Но я ещё крепче обнимаю её, и она напрасно вырывается, потому что позади неё угол купе, и напрасно бьёт меня в грудь руками, потому что я всё плотнее прижимаюсь к ней. Я грубо валю её на полку и овладеваю ею, хотя она начинает истерически рыдать от бессильной ярости, боли и унижения, что усиливает моё удовольствие победителя.

Лицемерка.


* * *

То ли оттого, что я бывал в Стамбуле, то ли оттого, что у меня много работы, но город не производит на меня впечатления, ни его пёстрая толпа, ни Золотой рог, а единственное, что я помню о том утре, так это — жара. Да, погода была теплее, чем хотелось бы.

Мэри кажется совершенно разбитой, но какой-то успокоенной или просто безучастной, и я оставляю её в отеле, в двухкомнатном номере-люкс, — она мне пока не нужна.

Беру такси, показываю шофёру визитную карточку с написанным на ней адресом, и мы едем в незнакомое мне место.
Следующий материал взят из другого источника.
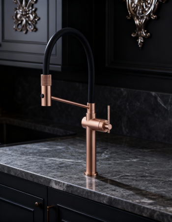 专利款304不锈钢铣纹玫瑰金厨房水龙头 (锦麟菜盆龙头)
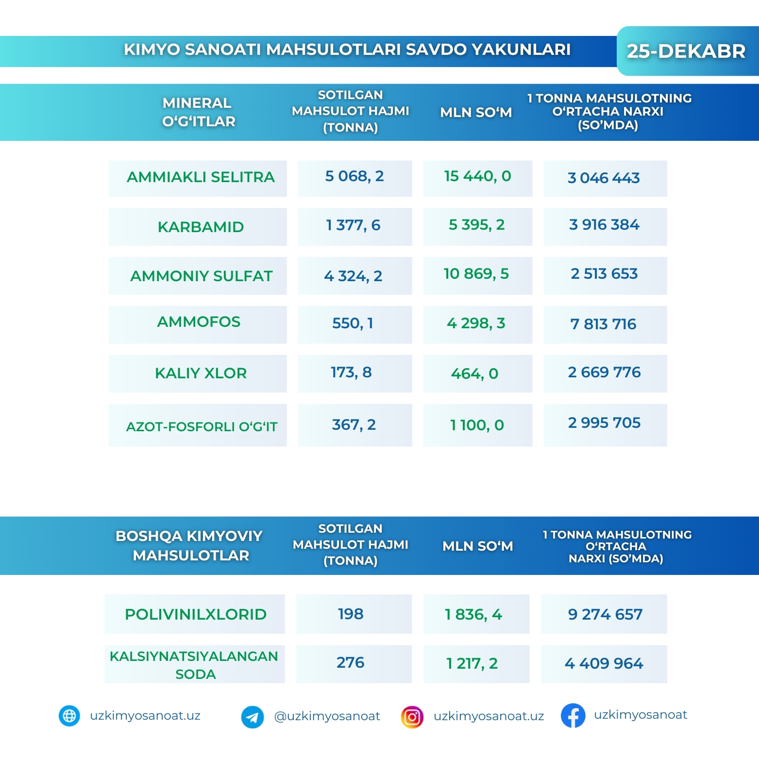 O‘zbekiston Respublika tovar-xom ashyo birjasidagi kimyo sanoati mahsulotlarining 25-dekabr kunidagi savdo yakunlari
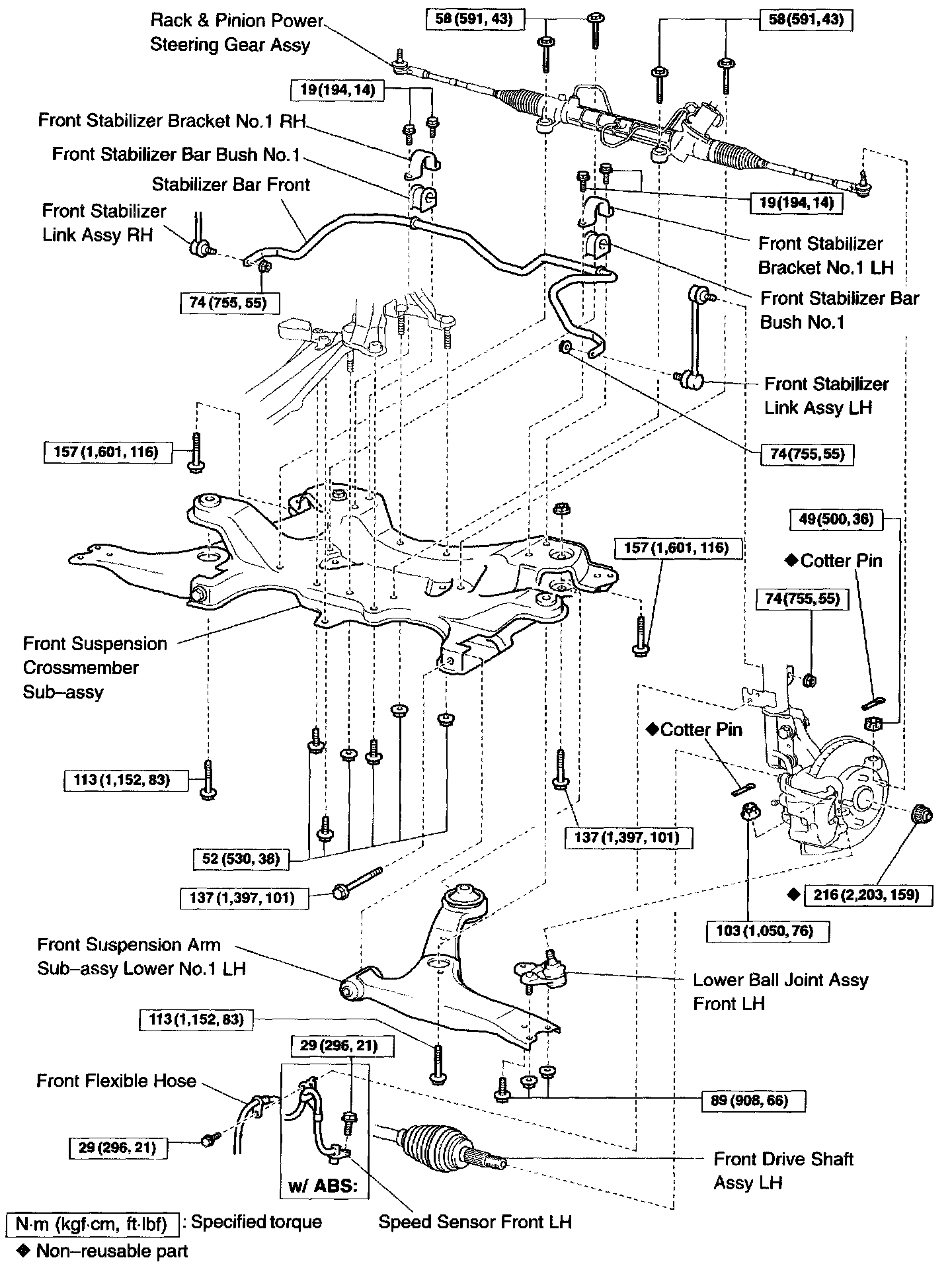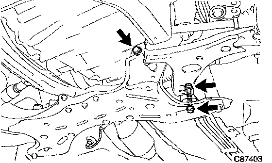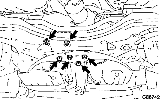 c. Lower the transmission jack, remove the front suspension crossmember sub-assy.

Проплутав довольно долго по кривым улочкам, выезжаем за город на дорогу, по обеим сторонам которой утопающие в зелени виллы. Наконец машина останавливается перед высокой железной оградой, сквозь которую видны кусты экзотических растений.
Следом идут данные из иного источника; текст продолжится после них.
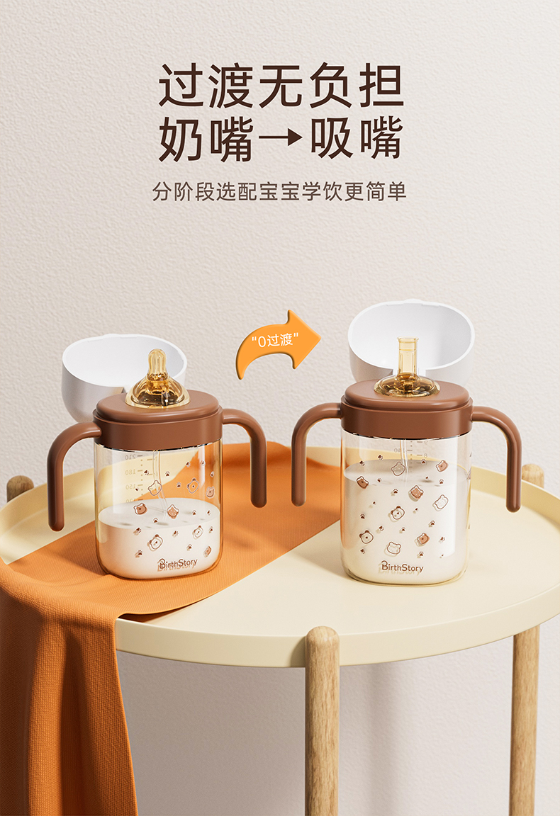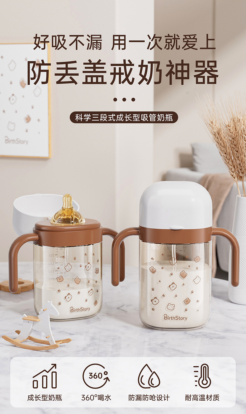 良品物语婴儿ppsu翻盖奶瓶断奶神器儿童防丢盖吸管喝水杯宝宝学饮杯一杯三用
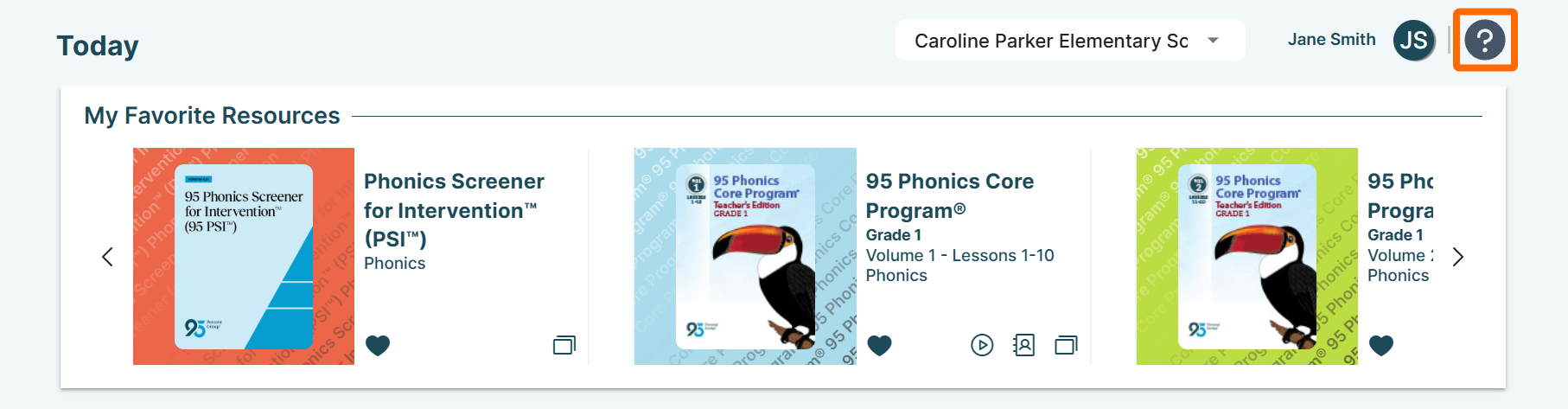 All resources licensed to you by your district can be accessed from the Resources page and returned to the Today page by clicking the empty Favorites heart icons.
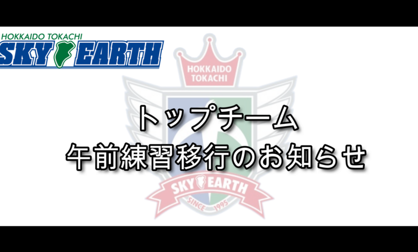 北海道十勝スカイアース・トップチームは、2026年4月より、チーム全体練習の実施時間を午前中へと変更いたします。
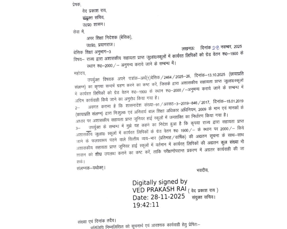 उत्तर प्रदेश में अशासकीय सहायता प्राप्त जूनिअर हाईस्कूलों में कार्यरत लिपिकों का ग्रेड पे बढ़ा दिया गया है। उनका ग्रेड पे 1900 से बढ़ाकर 2000 कर दिया गया है।
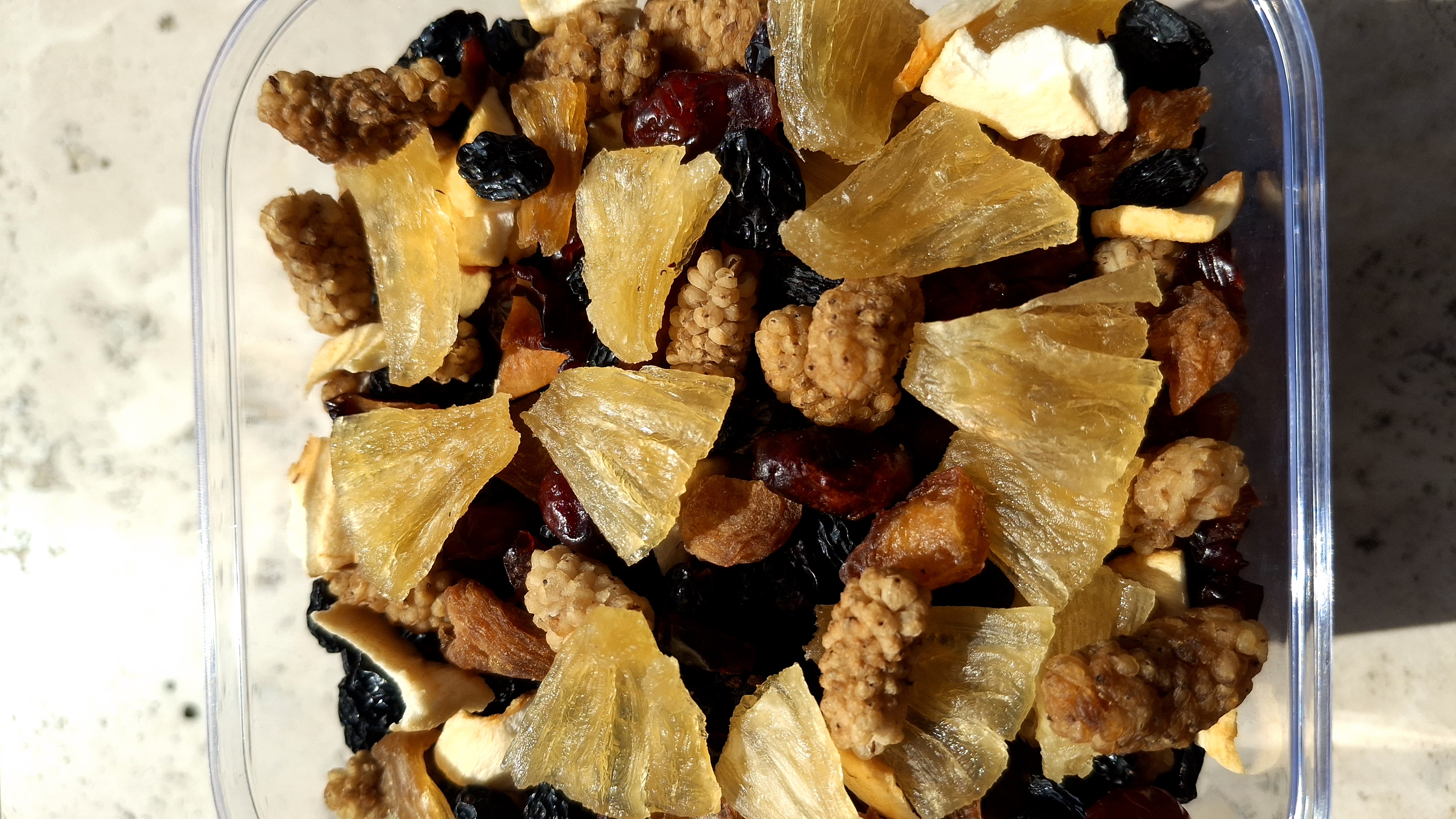 اجیل چای تازه شامل ، مویز ، خرما ، کرنبری ، توت خشک ، برگه زردآلو آفتابی، توت فرنگی تایلندی ، گیلاس بری ، گوجی بری ، برگه الو ، انجیر اسلایسی ، انجیر خشک
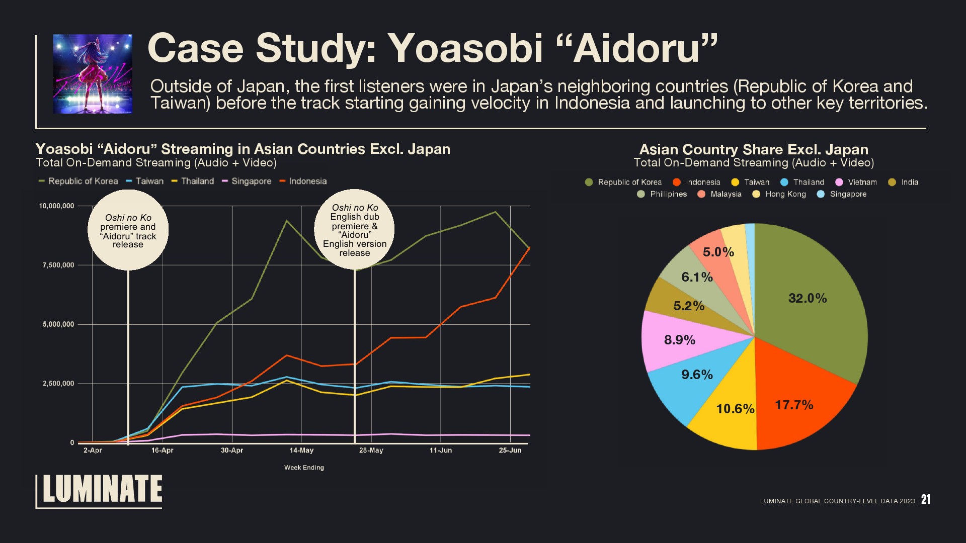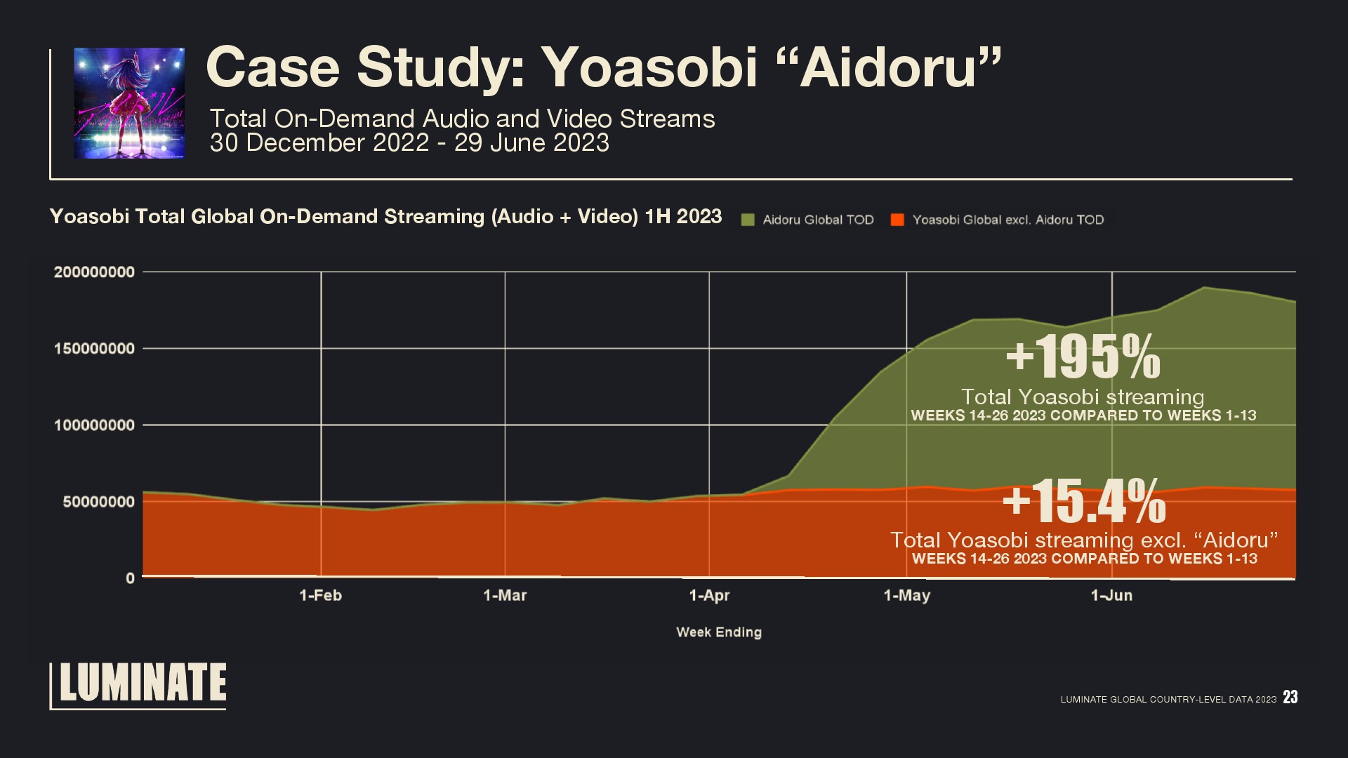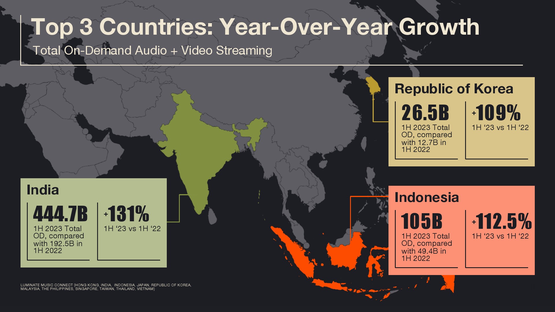 让我们将视线转向亚洲,2023年上半年音乐流(音频+视频)播放量增长107.4%,从4003亿首增长至8304亿首。

Вылезаю из такси, подхожу к внушительной металлической двери и нажимаю на медный звонок. Дверь, очевидно, снабжена невидимым наблюдательным устройством, поскольку через минуту она сама отодвигается и открывает передо мной длинную, посыпанную мелким гравием аллею, ведущую к изящной белой вилле в тени больших деревьев.

Человек, который стоит на широкой террасе и спокойно смотрит на меня, мне не знаком, но это не мешает мне сразу же догадаться, что это не лакей, а хозяин виллы. Не очень большого роста, но если говорить о весе, то его можно отнести к тяжеловесам. И всё-таки он выглядит не столько полным, сколько плотным, крепким и я бы добавил, косматым, как кокосовый орех.
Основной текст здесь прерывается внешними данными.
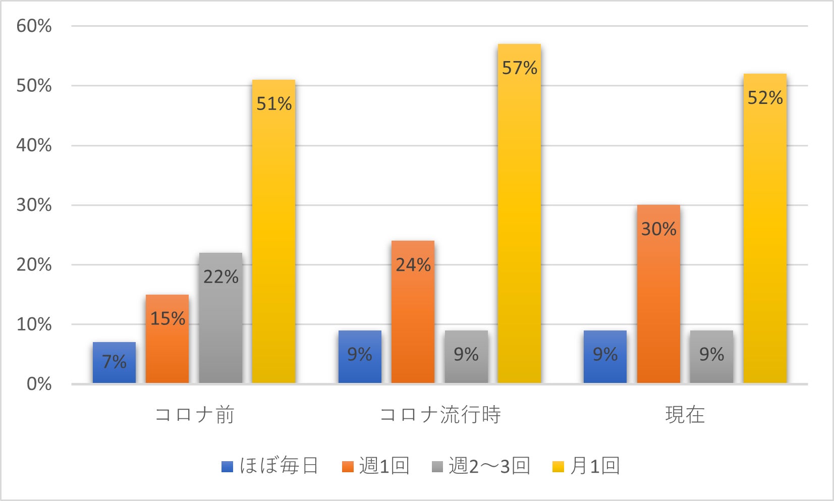 ⒈ コロナ前・コロナ流行時・現在のコインパーキング利用頻度
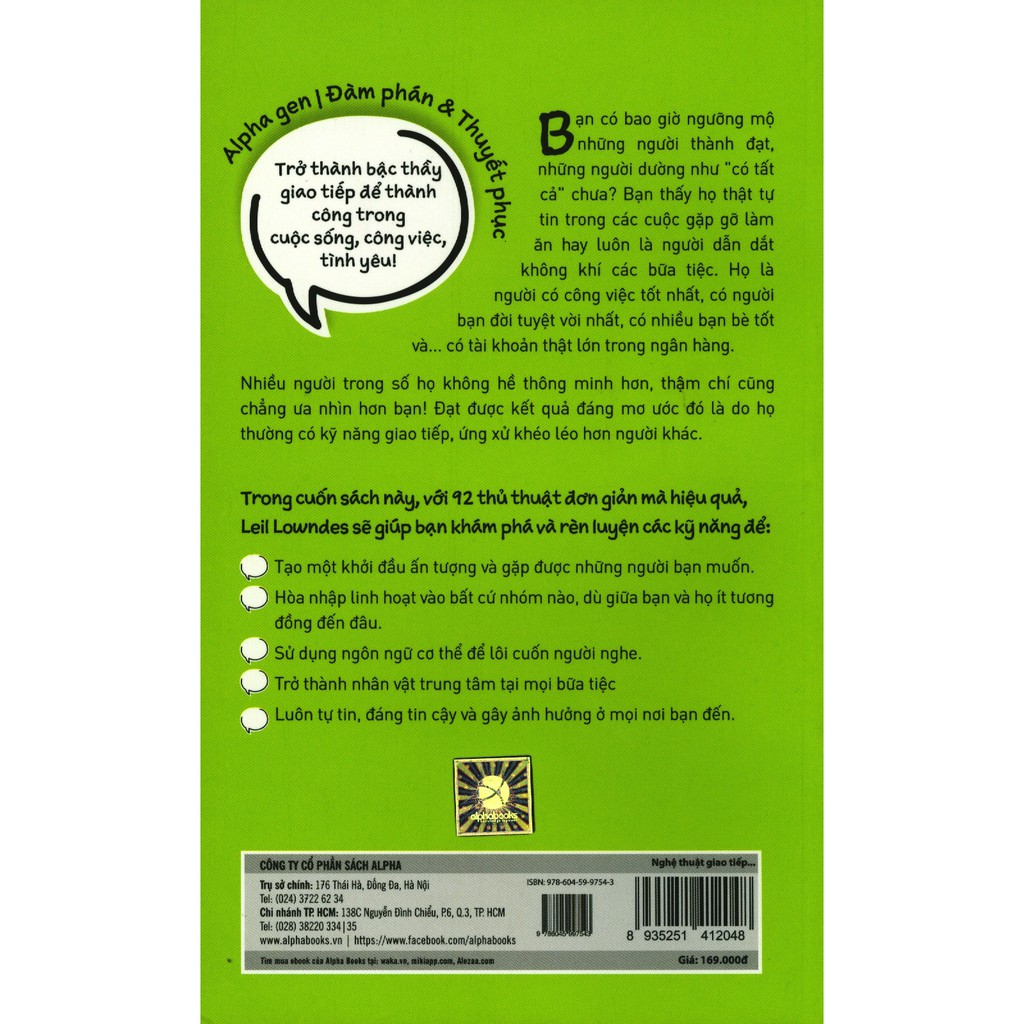 Chúng ta không thể đơn thương độc mã trên hành trình đến thành công. Nghệ thuật giao tiếp để thành công là cuon sách hướng tới mọi đoi tượng độc giả dù là sinh viên hay nhân viên bán hàng doanh nhân nhà quản lý chính trị gia hay người nội trợ hoặc bất cứ ai muon kiểm soát các moi quan hệ thu nhập hay cuộc đời họ theo cách hiệu quả hơn. Nghệ thuật giao tiếp để thành công leil lowndes trở thành bậc thầy giao tiếp để thành công trong cuộc sống công việc tình yêu. Nghệ thuật giao tiếp để thành công các nghiên cứu cho thấy 85 thành công trong cuộc sống của chúng ta có liên quan trực tiếp đến kỹ năng giao tiếp.

Он предупреждён о моём приходе, однако смотрит на меня абсолютно безучастно, и когда я поднимаюсь на несколько ступенек по лестнице террасы, он не делает ни шага навстречу мне, и приходится совсем близко подойти к нему, чтобы, наконец, он проявил признаки жизни и лениво подал мне руку.

— Господин Томас?

— Да, шеф.

— Сядем вон там.

Полная рука делает ещё один ленивый жест, указывающий на другой конец террасы, где натянут широкий тент в белую с синей полоску. Когда мы садимся на два удобных садовых стула, хозяин хлопает в ладоши.

— Принесите нам чего-нибудь прохладительного, — приказывает он мгновенно появившемуся слуге в белой униформе.

Затем некоторое время он молчит, словно решив не утомлять себя разговором до того, как освежится напитками.

Я тоже молчу, рассматривая украдкой полное лицо, красное, точно он чересчур долго лежал на солнце, окаймлённое рыжеватыми бакенбардами и редкими волосами.

Слуга, хотя и прибежал на зов, когда по восточному обычаю хлопнули в ладоши, — несомненно, представитель англосаксонской расы и космополитического сословия официантов. Он быстро и ловко подаёт нам неизменное виски со льдом и незаметно исчезает за широко открытой стеклянной дверью виллы.

— Расскажите мне сначала о вашем плане, — предлагает шеф, после того как мы принимаем взбодряющую дозу.

Я рассказываю. Он слушает, не сводя с меня серых внимательных глаз. А когда я заканчиваю, произносит:

— Я не понял из ваших слов, привели ли вы уже в действие ваш механизм или только собираетесь.

Этот «кокосовый орех» прекрасно всё понял, и цель его замечания — поставить меня в неловкое положение и напомнить, что я не имею права осуществлять какие бы то ни было операции на свой страх и риск.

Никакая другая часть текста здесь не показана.